Hall had more limited success with his comedy Cooking with Elvis, the protagonist of which is an Elvis Presley impersonator who has been paralyzed in a car crash. It was originally a 1995 radio play but it became a stage play in 1999. Hall's fondness for moving from one medium to another can also be seen in his work I Luv You Jimmy Spud, which began as a 1995 radio play and was later adapted by Hall into a stage play and a film, Gabriel and Me, starring Billy Connolly and Iain Glen.

He has also translated plays by Carlo Goldoni, Bertolt Brecht and Herman Heijermans and co-written the screenplays for adaptations of Jane Austen's Pride & Prejudice and Kenneth Grahame's The Wind in the Willows.

Hall's play, The Pitmen Painters, inspired by art critic William Feaver's book on the Ashington Group, premiered at the refurbished Live Theatre in Newcastle upon Tyne in 2007. It tells of a group of miners from Ashington, Northumberland, who decide to learn about art and begin to paint. The production later transferred to the National Theatre in London and opened on Broadway in September 2010. It won the 2008 Evening Standard Award for Best Play.

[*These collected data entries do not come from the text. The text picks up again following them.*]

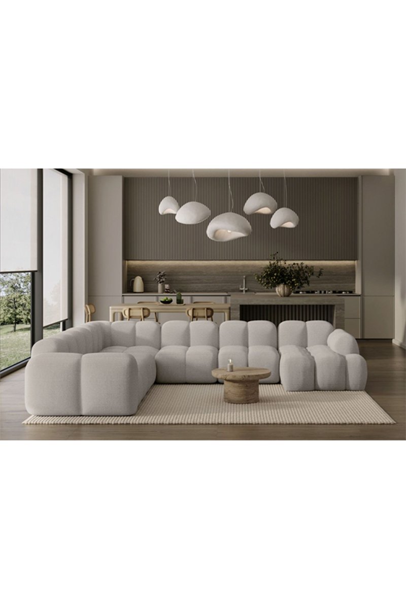 Canapé d’angle gauche panoramique modulaire Cloud - Gris clair - 8 places - En polyester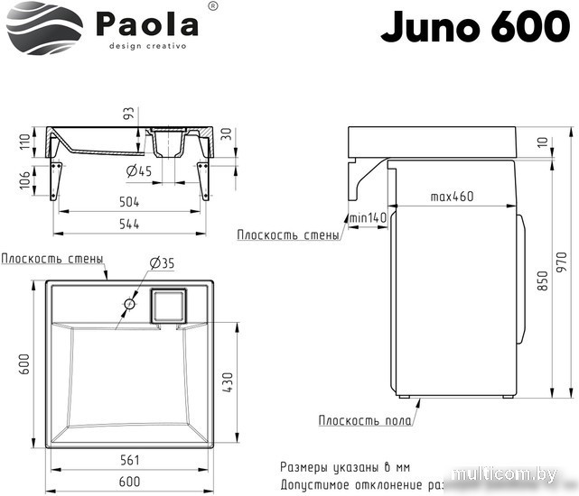 | Информация | ? Умывальник Paola Juno 600 - компактный и эргономичный, идеально подходит для установки над стиральной машиной, что позволяет экономить площадь ванной комнаты. Изготовлен из прочного износостойкого литьевого мрамора и покрыт специальным защитным покрытием гелькоутом. |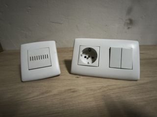 Conjunto de mecanismos eléctricos para pared. -OFERTA TE LO REBAJO A 7 Y TIENES PARA EL PORTE. - Enchufe con toma de tierra. - Dos interruptores de palanca. - timbre. -PRACTICAMENTE NUEVOS -TODO 10 €

In 2011, controversy arose over a children's opera that Hall had written, called Beached. The opera was commissioned by Opera North and was to have been performed by children from Bay Primary School in Bridlington, East Riding of Yorkshire. The story is about a gay retired painter, a single father who tries to spend a quiet day at the seaside with his son, but who is interrupted by children on a school trip, dogs, a landscape painter, an amateur dramatic society and others. After rehearsals had been going on for six months, the school threatened to pull the children out of the production if changes were not made to the libretto. Hall changed some words to accommodate their requests, but school officials, supported by Opera North, insisted on the removal of the words "I'm queer" and "I prefer a lad to a lass," and other references to the character being gay. The school eventually agreed to let the children perform if Hall changed "queer" to "gay."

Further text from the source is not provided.